Aeva, Inc. (“Aeva” or the “Company”), a leader in next
generation 4D LiDAR sensing and perception systems, announced today
that it has completed its previously announced business combination
with InterPrivate Acquisition Corp. (NYSE: IPV) (“InterPrivate”), a
special purpose acquisition company. The transaction, which was
approved by InterPrivate’s stockholders in a special meeting held
on March 11, 2021, resulted in the combined company being renamed
“Aeva Technologies, Inc.”, with its common stock and warrants to
commence trading on the New York Stock Exchange on March 15, 2021
under the ticker symbols “AEVA” and “AEVAW”, respectively.
“As we begin Aeva’s next chapter as a public company, we are in
a strong position to realize our vision of scaling our
industry-first 4D LiDAR technology and bring perception to all
devices,” said Soroush Salehian, Co-Founder and CEO of Aeva. “We
have made significant progress on our business plans – forming
foundational commercial partnerships, accelerating our product
roadmap and bolstering the management team with industry leaders.
This deal closure is a testament to the trust and confidence that
shareholders have placed in our leadership, technology and business
model.”
“We founded Aeva with the vision to bring a new wave of
perception technology to market and advance the capabilities of
automated driving. This key milestone marks the next stage of our
growth, as we look forward to accelerating our ability to bring our
unique 4D LiDAR on chip technology to not just automotive, but
consumer, industrial and beyond," added Mina Rezk, Co-Founder,
President, CTO and Chairman of Aeva.
“Aeva’s management team has demonstrated impressive leadership
throughout the business combination process. With the transaction
proceeds, we believe Aeva has the resources to advance its
attractive growth opportunities and bring pioneering 4D LiDAR
technology to the mass market,” said Ahmed Fattouh, Chairman and
CEO of InterPrivate.
The business combination is expected to result in gross proceeds
of over $560 million to Aeva, including $320 million in PIPE
proceeds and $243 million of InterPrivate cash held in trust.
Transaction proceeds are expected to support the Company through
the planned start of production in 2024.
Morgan Stanley & Co. LLC served as financial advisor and
lead private placement agent on the PIPE offering, EarlyBirdCapital
acted as capital markets advisor and Greenberg Traurig, P.A. served
as legal advisor to InterPrivate. Credit Suisse Securities (USA)
LLC acted as capital markets advisor, and Latham & Watkins LLP
served as legal advisor to Aeva. Credit Suisse Securities (USA) LLC
also served as placement agent on the PIPE offering for
InterPrivate. Additionally, Davis Polk & Wardwell LLP served as
legal counsel to Morgan Stanley & Co. LLC and Credit Suisse
Securities (USA) LLC.
About Aeva
Founded in 2017 by former Apple engineers Soroush Salehian and
Mina Rezk, and led by a multidisciplinary team of engineers and
operators, Aeva is building the next-generation of sensing and
perception for autonomous vehicles and beyond. Aeva is backed by
Adage Capital, Porsche SE, Lux Capital and Canaan Partners, amongst
others. For more information, visit www.aeva.com.

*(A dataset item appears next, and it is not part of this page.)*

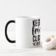 Caneca de boa qualidade, bom tamanho, não parece ser aquela louça que trinca ou descasca. Com os cuidados necessários, irá ter boa durabilidade. Antes de se colocar a bebida quente, ela fica preta, mas numa cor bem brilhante. Meu namorado é DJ e encomendei esta caneca pra um café da manhã com o pessoal da equipe! Sei q será o maior sucesso...em breve sei q vão pedir pra eu encomendar pra eles, e penso em fazer com o nome da empresa também. A caneca é muito legal, a coisa da trasmutação...mas o q não ficou muito legal foi a impressão da imagem da foto, não ficou como a foto q enviei...sei q mandei uma foto q é uma sombra, mas se as cores q estão em voltam aparecessem, ficaria bom. Na parte da frente ficou boa, mas atrás dele, a iluminação azul não saiu, ficando assim muito escuro, e não dá pra ver q é a sombra de uma pessoa. Se a Zazzle tivesse me enviado um e-mail dizendo q isso aconteceria, eu teria enviado uma foto mais clara, mas como a imagem de teste q tenho no site está nítida, pensei q fosse ficar assim. O chato q a caneca é presente, e a pessoa q ganhou, não consegue se ver na foto. Ficou sem propósito no final das contas. =(

About InterPrivate Acquisition Corp.
InterPrivate is a blank check company organized for the purpose
of effecting a merger, share exchange, asset acquisition, stock
purchase, recapitalization, reorganization, or other similar
business combination with one or more businesses or entities.
InterPrivate is controlled by affiliates of Ahmed M. Fattouh,
Chairman and Chief Executive Officer, and InterPrivate LLC, a
private investment firm founded by Mr. Fattouh that is also the
sponsor of InterPrivate II Acquisition Corp., InterPrivate III
Financial Partners, Inc., and InterPrivate IV InfraTech Partners,
Inc. InterPrivate is an emerging growth company as defined in the
Jumpstart Our Business Startups Act of 2012.
Forward-Looking Statements
This press release contains certain forward-looking statements
within the meaning of the federal securities laws. These
forward-looking statements generally are identified by the words
“believe,” “project,” “expect,” “anticipate,” “estimate,” “intend,”
“strategy,” “future,” “opportunity,” “plan,” “may,” “should,”
“will,” “would,” “will be,” “will continue,” “will likely result,”
and similar expressions. Forward-looking statements are
predictions, projections and other statements about future events
that are based on current expectations and assumptions and, as a
result, are subject to risks and uncertainties. Many factors could
cause actual future events to differ materially from the
forward-looking statements in this press release, including, but
not limited to: (i) the ability to maintain the listing of Aeva’s
securities on the New York Stock Exchange, (ii) the price of Aeva’s
securities, which may be volatile due to a variety of factors,
including changes in the competitive and highly regulated
industries in which Aeva plans to operate, variations in
performance across competitors, changes in laws and regulations
affecting Aeva’s business and changes in the combined capital
structure, (iii) the ability to implement business plans,
forecasts, and other expectations and to identify and realize
additional opportunities, (iv) the risk of downturns and the
possibility of rapid change in the highly competitive industry in
which Aeva operates, (v) the risk that Aeva and its current and
future collaborators are unable to successfully develop and
commercialize Aeva’s products or services, or experience
significant delays in doing so, (vi) the risk that Aeva may never
achieve or sustain profitability; (vii) the risk that Aeva will
need to raise additional capital to execute its business plan,
which many not be available on acceptable terms or at all; (viii)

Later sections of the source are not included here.